Wansink’s problems just got a lot worse. Today, Brown, a Ph.D. student at the University of Groningen, published a blog post highlighting many more problems with Wansink’s research practices. First, it appears that over the years, Wansink has made a standard practice of self-plagiarism, regularly taking snippets of his text from one publication and dropping them into another — a practice that, while not as serious as outright data fraud or plagiarizing someone else’s material, is very much frowned upon. And sometimes it was more than “snippets.” Brown includes the following image of one Wansink article in which all of the yellow material (plus three of the four figures, which Brown said he couldn’t figure out how to highlight) is lifted from Wansink’s own previously published work:
In another instance, Brown writes, Wansink appears to have published the same text as two different book chapters at around the same time. “Each chapter is around 7,000 words long,” he writes. “The paragraph structures are identical. Most of the sentences are identical, or differ only in trivial details.”
What this suggests is the people running the place know full well that all of it is bullshit and nothing close to being real research. Once you come to accept that, going through the exercise of setting up dramatizations of real research work probably seems pointless. If you know the results in advance, the exercise is just silly. What we have here are adults kitted out in lab gear, live action role playing as a real scientists at a real lab. Their published work is just for the purpose of financing their fantasy game.
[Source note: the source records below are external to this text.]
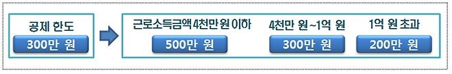 - 근로소득금액 4천만 원 이하자의 공제 한도를 300만 원에서 500만 원으로 확대하고, 근로소득금액 1억 원 초과자의 공제 한도를 300만 원에서 200만 원으로 축소함.
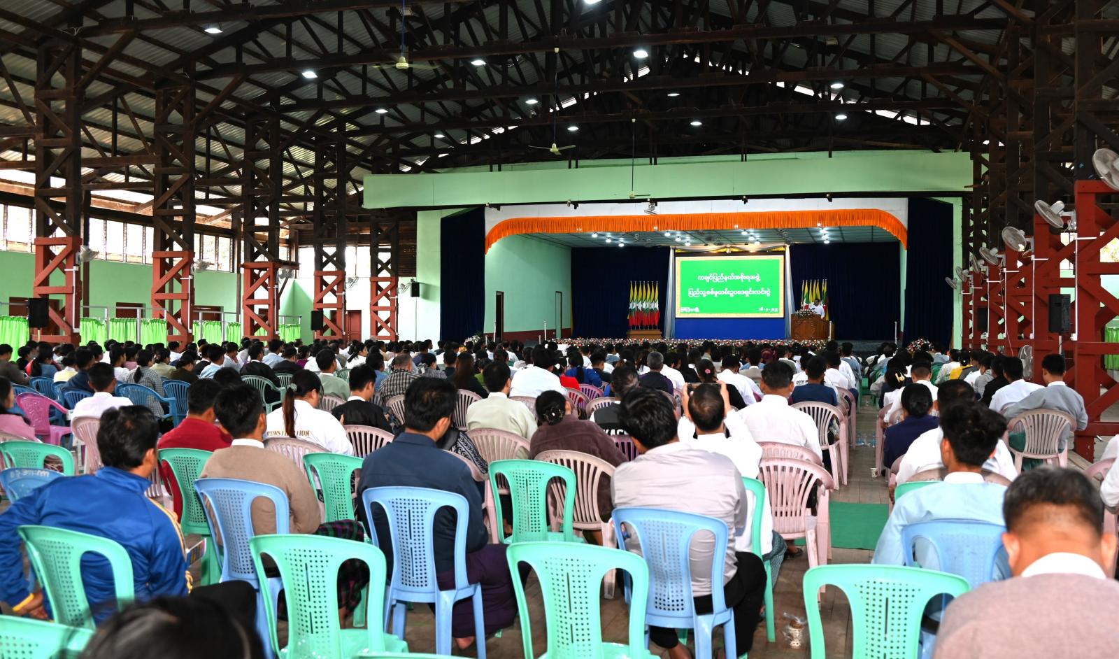 ကချင်ပြည်နယ်၊ မြစ်ကြီးနားမြို့၌ ပြည်နယ်/ ခရိုင်/ မြို့နယ် အရာထမ်း/ အမှုထမ်း ဝန်ထမ်းများအား ပြည်သူ့စစ်မှုထမ်းဥပဒေနှင့် စပ်လျဉ်း၍ ရှင်းလင်းဆွေးနွေးပွဲအခမ်းအနားကို မတ် ၁၆ ရက် နံနက် ၉ နာရီက ပြည်နယ်ပြည်သူ့အားကစားကွင်းအတွင်းရှိ မိုးလုံလေလုံအားကစားခန်းမ၌ ကျင်းပပြုလုပ်ရာ ပြည်နယ်ဝန်ကြီးချုပ် ဦးခက်ထိန်နန်နှင့် ပြည်နယ်အစိုးရအဖွဲ့ဝင်များ တက်ရောက်ကြသည်။
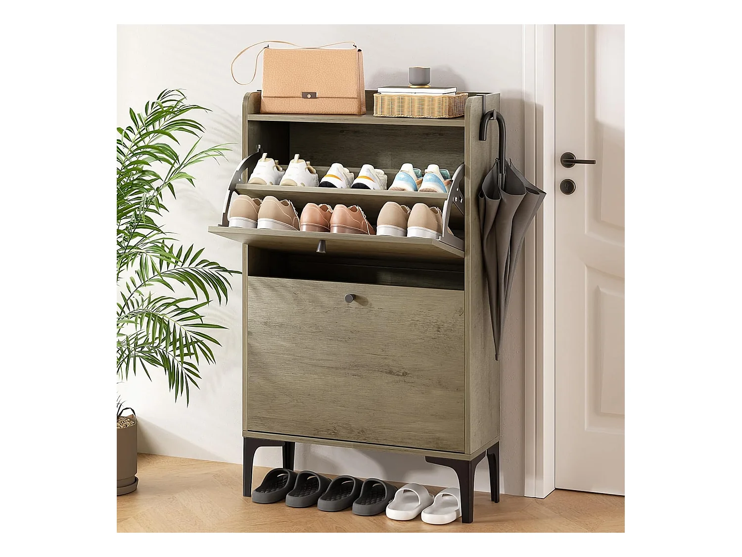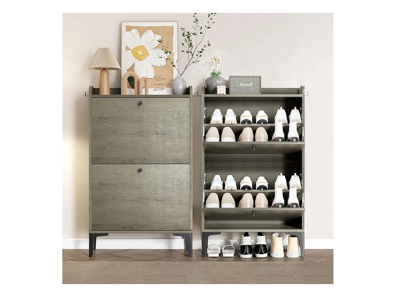 Scarpiera Dripex con 2 cassetti ribaltabili e piedini in metallo per ingresso, corridoio, soggiorno o veranda, 60 x 24 x 100 cm, grigio
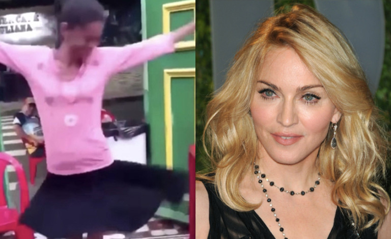 Dedicando o momento ao filho, ela reproduz uma coreografia bastante parecida com a que a rainha do pop, uma então iniciante, executa no clipe oficial da faixa, lançado em 1983. Ao fundo, alguém grita “Vai, Dona Marina”.
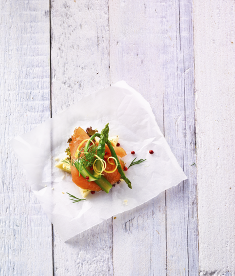 Leg een schijfje appel in het midden van het bord. Smeer er mierikswortelcrème op. Verdeel er wat rucolablaadjes, rode biet en de zalmplakken over. Herhaal dit een paar keer om een torentje te krijgen.
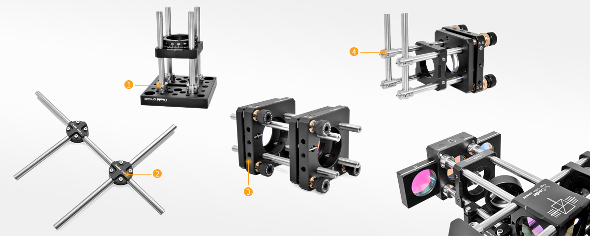 ? ? ? Oeabt的籠式系統(tǒng)提供不同的可用于籠式共軸系統(tǒng)的配件和轉接件,可通過安裝接桿或透鏡套管,可以將籠式系統(tǒng)集成到光學設備中去。
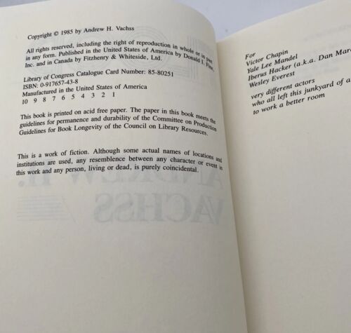 This signed 1st edition of Andrew Vachss’ FLOOD is a rare gem for collectors. The hardcover book comes with a dust jacket and is published by Donald I. Fine in 1985. It is an original print and features the author’s signature. The book is in excellent shape and would make a great addition to any collection. Get your hands on this rare piece of literary history.
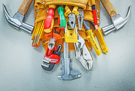 Building belt construction tooling on concrete background.

The root cause of the replication crisis in the soft sciences is mostly due to the fact that it is it not science. It’s market research. They try to quantify some behavior in order to pitch an idea already popular in the mass media or with the managerial class. By slapping the word “science” on it, they are pitching their role as an authority. Bill Nye, the toaster repairman, has made a killing claiming to speak for science on behalf of the cult of Gaia worship. The Cornell Food Lab does the same thing, but for nutrition and food marketing.
This points to one flaw in Karl Popper’s famous definition of science. What is unfalsifiable is classified as unscientific. Science, according Popper, is that which can be invalidated or disproved. This sounds good until you look at the Cornell Food Lab. Everything they do can be invalidated, as almost all of it is nonsense. Therefore, it meets the definition of science as described by Popper. It also means that a pseudo-science can easily masquerade as science.
A better, more narrow definition of science is that science concerns itself with causation. If A causes B then science explains how A causes B. Analysis, on the other hand, points out that whenever we see B, we often see A, therefore, there is a correlation between A and B. That’s just observation. Statistical analysis takes observation further by apply probability to it. It’s not useless and it often aids science, but it is not science. It’s simply observation and analysis, and more often than not, pseudo-science.